Wednesday, October 24, 2012

Tuesday's Ride


Cobblestone Man:  it's not clear from the picture, but a strategically placed stone indicates that this is indeed male.  He turned up after the abandoned rail spur and the longest gas line run ever.  I'd ridden by the rail spur for years and never noticed it.  The gas line took about eight minutes, but it must be the jewel of some third party gas line maintenance company - two miles of straightaway root and rock free dirt.  Get in a groove and it's like a greased rail.

Since my competitive racing season came to a violent and costly end at Gloucester, I've been regrouping around quality rides.  Tuesday's ride was a spin down I-have-no memory lane:  Cold War ruins.  It's hard to believe that Boston was ringed with missiles sites - crazy looking weapons on launchers out in the open air:



Even stranger, I recognized a site in the Blue Hills Reservation from the Google maps satellite photo.
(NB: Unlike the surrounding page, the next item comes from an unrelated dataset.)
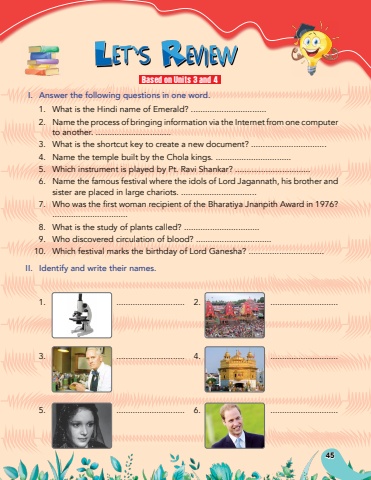 I.Answer the following questions in one word.1.What is the Hindi name of Emerald? ................................2.Name the process of bringing information via the Internet from one computer to another. ................................3.What is the shortcut key to create a new document? ................................4.Name the temple built by the Chola kings. ................................5.Which instrument is played by Pt. Ravi Shankar? ................................6.Name the famous festival where the idols of Lord Jagannath, his brother and sister are placed in large chariots. ................................7.Who was the first woman recipient of the Bharatiya Jnanpith Award in 1976? ................................8.What is the study of plants called? ................................9.Who discovered circulation of blood? ................................10.Which festival marks the birthday of Lord Ganesha? ................................II.Identify and write their names.1..............................2..............................3..............................4..............................5..............................6..............................Based on Units 3 and 445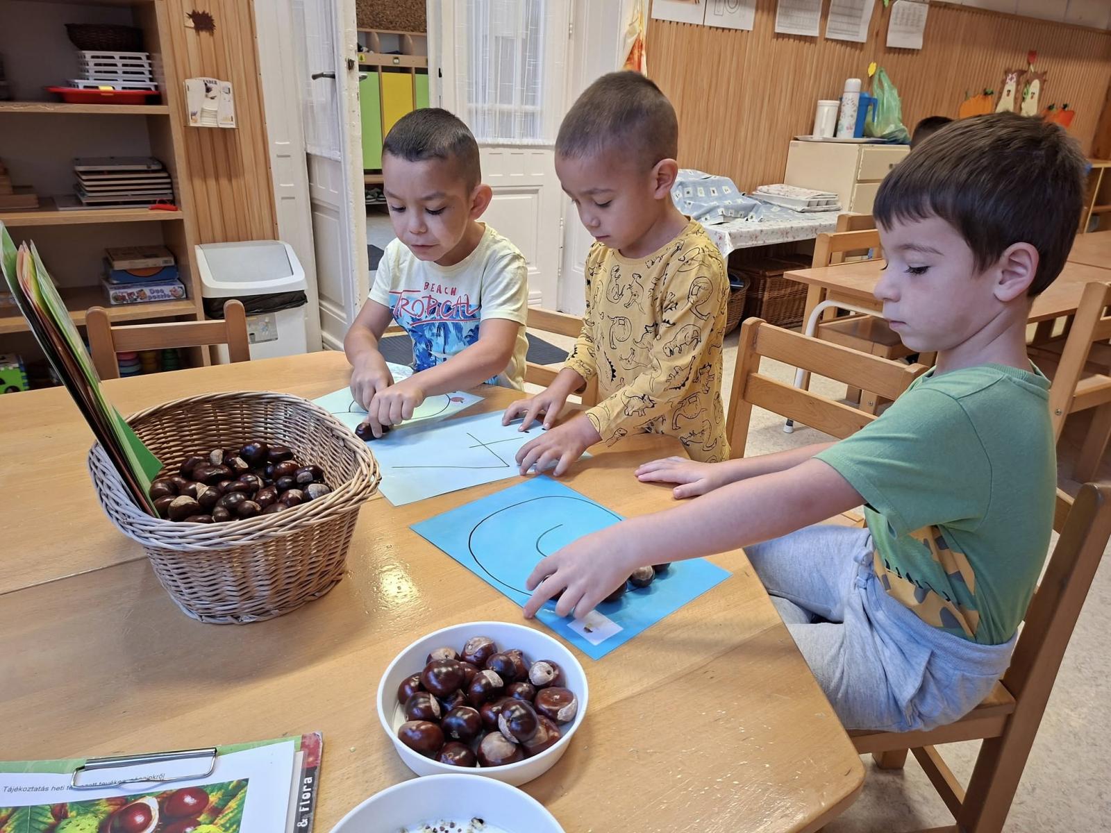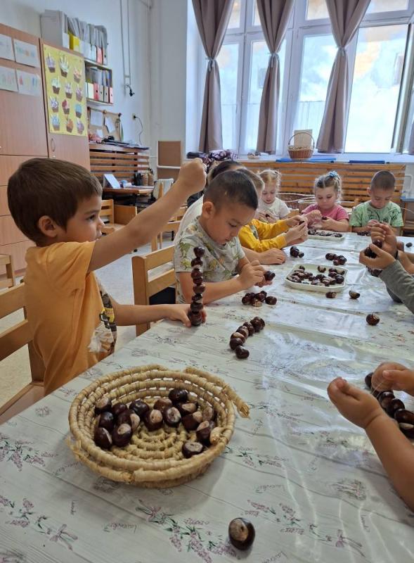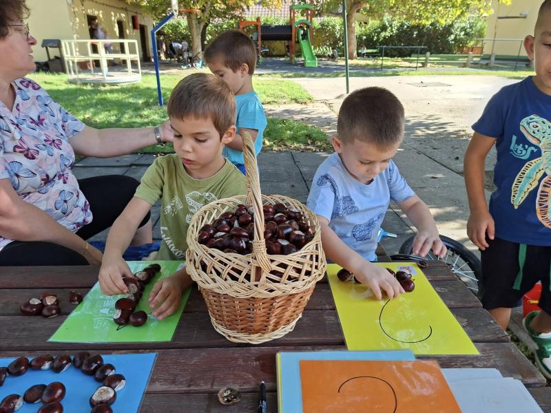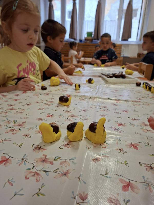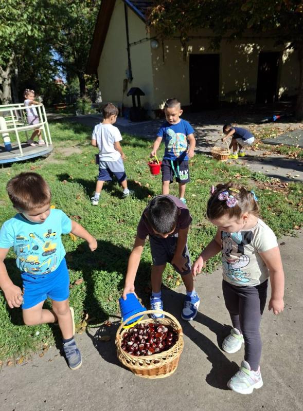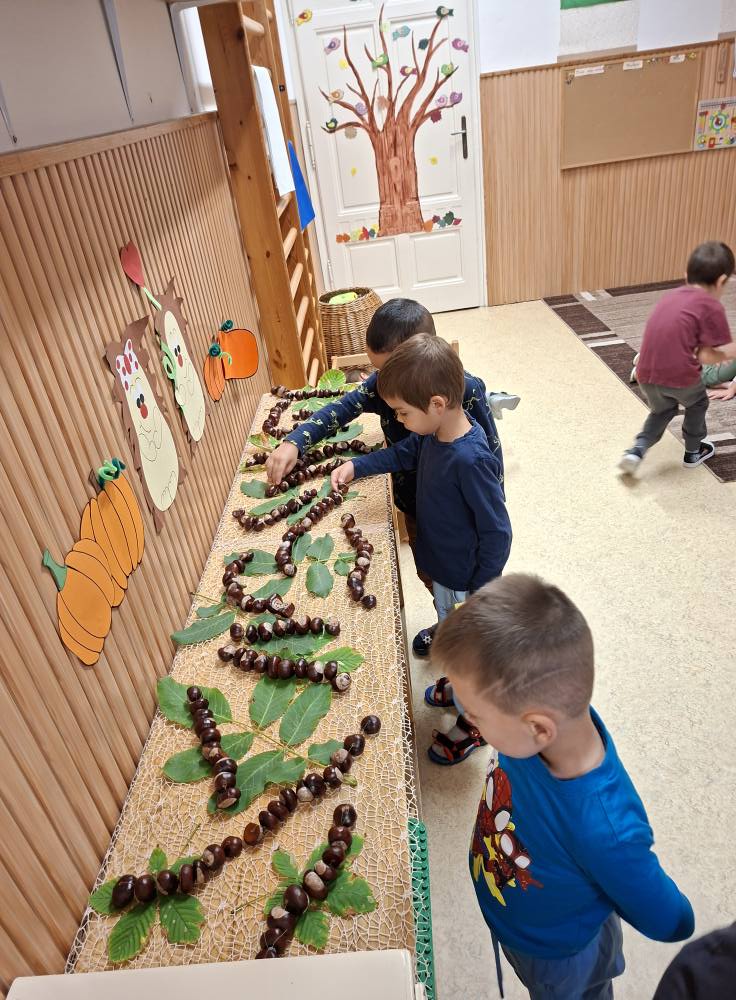 Idén csodálatos gesztenye-, és diótermés ajándékozott meg bennünket. A gyerekek nagyon megörültek a lehullott gesztenyéknek és dióknak az óvoda udvarán. Sok-sok vödörnyi termést gyűjtöttek, amellyel szívesen játszottak. Az összegyűjtött gesztenyékkel számoltak, formákat rakosgattak, gyurmáztak és gurigáztak a gyerekek. A kifúrt gesztenyékből őszi ajtódíszt és gesztenyekukac-farmot is készítettek óvodásaink.

Dirt berms surrounded the fueling area necessitating a distinctive concrete pathway for moving the missiles.  This particular facility is more intact than the site in Needham, which I live near.   The launch area feels like an abandoned parking lot.  The missile maintenance building is still standing.  The start of the concrete pathway leads right in the foreground of the photo below.



Finding a destination and then figuring out how much off-road I can squeeze into the loop is the goal.  Some spots don't turn out to be accessible; sometimes I get lost or distracted by other interesting features. This ride worked out pretty well.  See the whole thing  on Strava.

Overgrown Silo?  Nikes didn't launch from silos, this probably held rocket fuel.


Way point number two was Horse Bridge.  I'm sure there's more of a story than a $4.6 million dollar bridge primarily for horses to cross Route 24.   Strange enough to find a brief section of paved roadway and a spanking new bridge that connects to dirt trails on either side.  Unfortunately, I had to break the law to ride it.


Very honestly, I rarely ride where there's posted exclusions.  This felt like civil disobedience.  It's not clear to me why horses and bikes can't coexist.  I suspect that spots that exclude bikes in favor of horses are a byproduct of organized constituents.  In any case, the absent horses create excellent mud - the sort of stuff that turns up on race courses but no where else.  It was too straight to be really fun, but I enjoyed it quite a bit.

Way point number one was an abandoned rail spur.  It seems to have connected the New York, New Haven and Hartford RR to the Boston & Providence RR but is now mostly paved and completely abandoned.  I found it on Google Maps (like the Nike site).  Despite running from downtown Dedham to the high school/middle school, the initial section was too over grown to ride.  No photos, but I picked it up after the school and rode it until the Hyde Park switching yard.

Hyde Park to the gas line was passes an interesting Civil War encampment (not part of this ride).  I picked up the trail just over the Neponset.  A nearly perfectly straight shot to 95 and the semi-completed unused side of the highway interchange.  Apparently, the permanently temporary exchange between 95 and 128/93 is an artifact of Governor Sargent's decision to cancel 95's route into Boston.   Cobblestone Man can be found on the abandoned northbound on ramp.

I rode an excluded section of the Skyline Trail to avoid Royall Street. I can't imagine why bikes are not allowed on this section of trail. Bikes are probably not allowed on the Houghton Pond beaches either, but I rode there too.  The sand was too packed to be really fun, but I enjoyed it just the same.

So there was mud, sand and dirt.  The rocks kicked in between Horse Bridge and the State Police Barracks.  I pride myself on being able to thread rocky trails on fragile 32mm tires with no suspension.  This was out of hand - my hips were rocking more than Elvis and I bottomed out constantly.  At the Police Barracks/TTOR headquarters, I found a Blue Hills Reservation map and a bonus off road section.  I could cross the reservation by following yellow arrows on a trail that would challenge an "advanced mountain biker".  It was awesome and dumped me out by the Blue Hills Access Road.

I couldn't resist riding the Access Road.  A very rocky lap around the weather station and a ride down Sonya set me up for a straight shot home.